Sempat diprotes karena bisnisnya dianggap mengotori. Toh pada akhirnya, Faldi mendapatkan dukungan penuh dari keluarga. Apalagi ketika mereka menyadari prospek bisnis tengah dijalankannya. Berawal dari ide iseng kemudian mencoba dipasarkan ke sosial media, eh ternyata tanggapan orang melebihi harapan.

Ketika baru mulai beberapa minggu dengan sedikit foto. Tiba- tiba datang banyak orang dari televisi buat wawancara. Bisnis Faldi boleh dibilang mendapatkan promosi besar gratis. Dari televisi kemudian datang event organizer datang meminta bantuan buat mendekorasi dengan bahan lumut.

"Dekorasi ini saya dibayar Rp.10 juta sekali dekor," terangnya.

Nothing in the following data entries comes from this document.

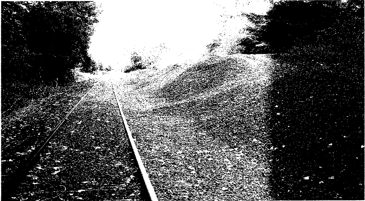
Photo 2: View of Milburn ballast pile site looking east toward Spooner Road Crossing (US DOT 848781E). On the right, one can see the motorcycle/ATV tracks that head toward the rail.
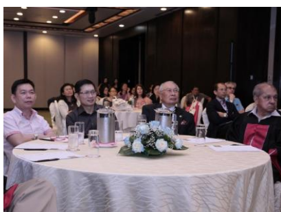
Guests gathered at the Lecture.
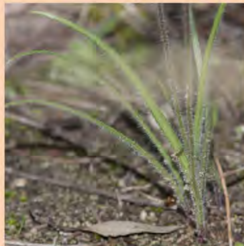
Caladenia dundasiae – Patricia's Spider Orchid – Priority 1
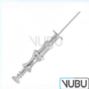
KLIMA-ROSSEGGER CANNULA Ø 1,8MM X 35MM Model:VUBU-10-67918
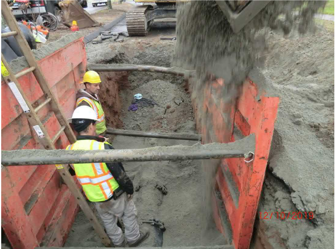
Figure 18 – Facing east, backfilling the repair.

Date: December 10, 2019 Day of Week: Tuesday Report No: 44 Page: 20 of 25
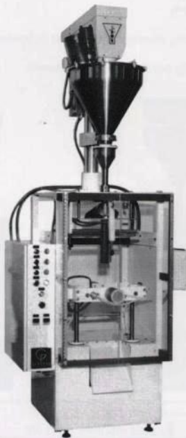
Model E1AC with Auger Filler
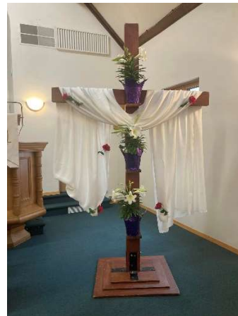
Easter Sunday April 2023
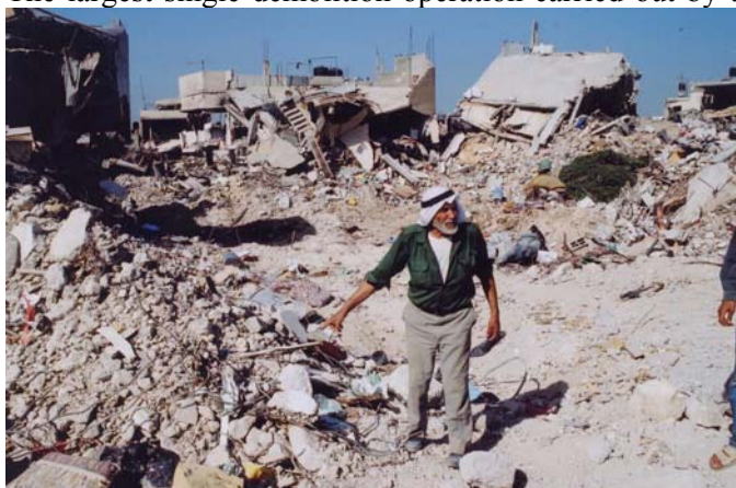
Man pointing at the rubble of his destroyed house in Jenin refugee camp, April 2002.

The largest single demolition operation carried out by the Israeli army was in Jenin refugee camp in April 2002. The army completely destroyed the al-Hawashin quarter, an area of 400 x 500 meters, and partially destroyed two additional quarters of the refugee camp, leaving more than 800 families, totaling some 4000 persons, homeless. 17 In the course of this and other Israeli army offensives there was considerable armed resistance by Palestinians, and the Israeli authorities claimed that the army destroyed the area in the course of combat with Palestinian gunmen.
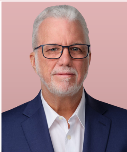
DR PHILIPPE COUILLARD, MD

31 ST PREMIER OF QUEBEC | 31 ÈME PREMIÈRE DE QUÉBEC 2014-2018
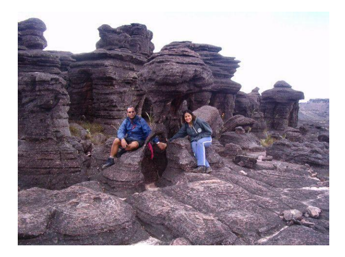
Strange rock formations

Time for some last photographs of the plants and views - we start our descent saying good-bye to the giant flying turtle and all the other strange rock formations! We will trek to Rio Tek (around 6 to 8 hours); mostly strong downhill and a refreshing swim in the cool river will be the supreme reward after the day's long trek. (B,L,D)
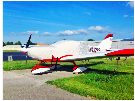
SportCruiser Canopy/Engine Cover
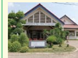
The Project for Improvement of Mongkol Borey Hospital in Banteay Meanchey Province (GA: ¥683mil. '05)
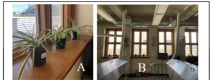
Figure 1: Plants (A. Chlorophytum comosum ) were placed at eye-level (1 every 8.7 meters) around the perimeter of the cadaver laboratory. Two cadavers (B.) are located centrally in the room on down-drafted steel tables.

Spider plants ( Chlorophytum comosum ) were placed around the laboratory on windowsills (Figure 1A) that are easily visible to students while taking their exams. [17] recommends at least two good sized plants for every 100 square feet (approximately 9.3 square meters) of indoor space for best visibility. Inside the laboratory there are a total of 16 plants to account for the measured square footage appropriately (approximately 8.7 square meters). The plants were switched for even sunlight exposure purposes and watered as needed.
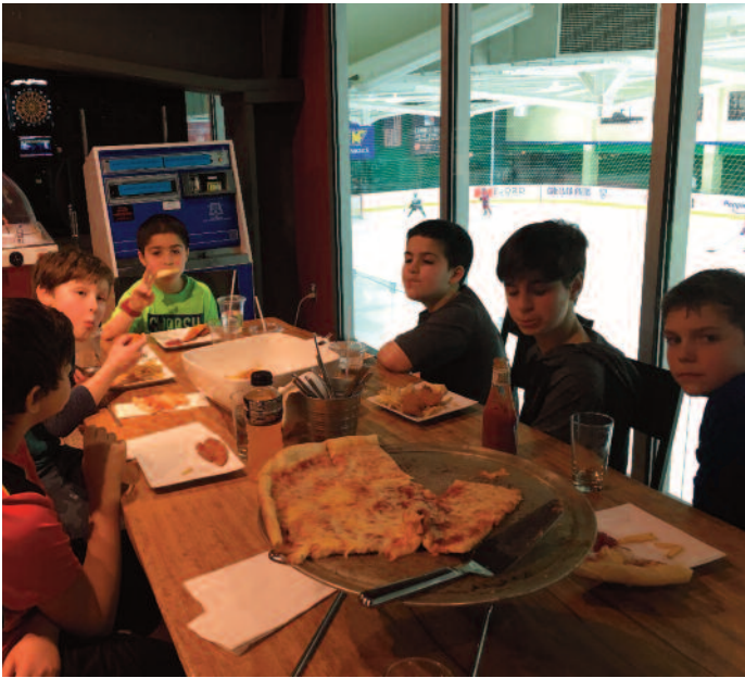
The Greek School children enjoyed food and games at Chelsea Piers on Jan. 16.
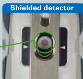
Undamaged detector when fitted with TITAN Detector Shield
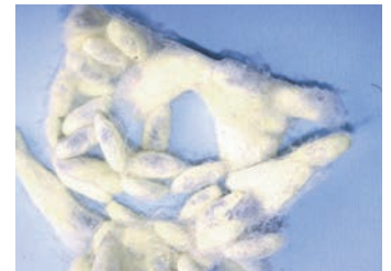
Figure 6. Silken cocoons

Dalam sebulan dia mampu menghasilkan 1000 buah. Dimana produk tersebut sudah dipajang di etalase Carrefur Kota Bandung. Bahkan dia diajak untuk mengikuti pameran ke Thailand dan Korea Selatan. Dia mengatakan produknya kebanyakan dibeli buat souvenir pernikahan.

Mengikuti pameran bisnis hingga berminggu, apa yang didapat adalah pesanan 500- 1000 buah buat untuk souvneri pernikahan. Penjualan yang terus meningkat maka ia mampu mengantungi omzet sampai Rp.50 juta dalam sebulan. Bahkan yang terbaru dia tengah menjajal proyek perpustakaan lumut di atasnya.

Penjualan dilakukan secara langsung, juga melalui online lewat www.plantercraftblog.com, dimana kamu bisa datang ke workshopnya di Jl. Sukagalih No. 58, Keluragan Cipedes, Kecamatan Sukajadi, Jawa Barat. Pemasaran lainnya yakni lewat Instagram Plantercraftbdg.

Perawatan lebih mudah menjadi pilihan orang dengan bisnis ini. Cukup bonekanya direndam air selama 3- 4 menit, oleh karenanya cocok buat media pendidikan anak- anak nih. Tidak berhenti di bisnis, dia juga mulai aktif di materi sosialnya, contohnya mengajak anak- anak belajar membuat boneka tanam lumut ini.

Sisi sosial lainnya, selain mempekerjakan pegawai, juga mengajak anak panti untuk mengerjakan produksi yang kemudian hasilnya disumbahkan. Tidak cuma memberikan uang tetapi juga ilmu pengetahuan. Saran buat pengusaha muda: Mulai lah berbisnis sejak usia dini, kan walaupun gagal masih disuport orang tua.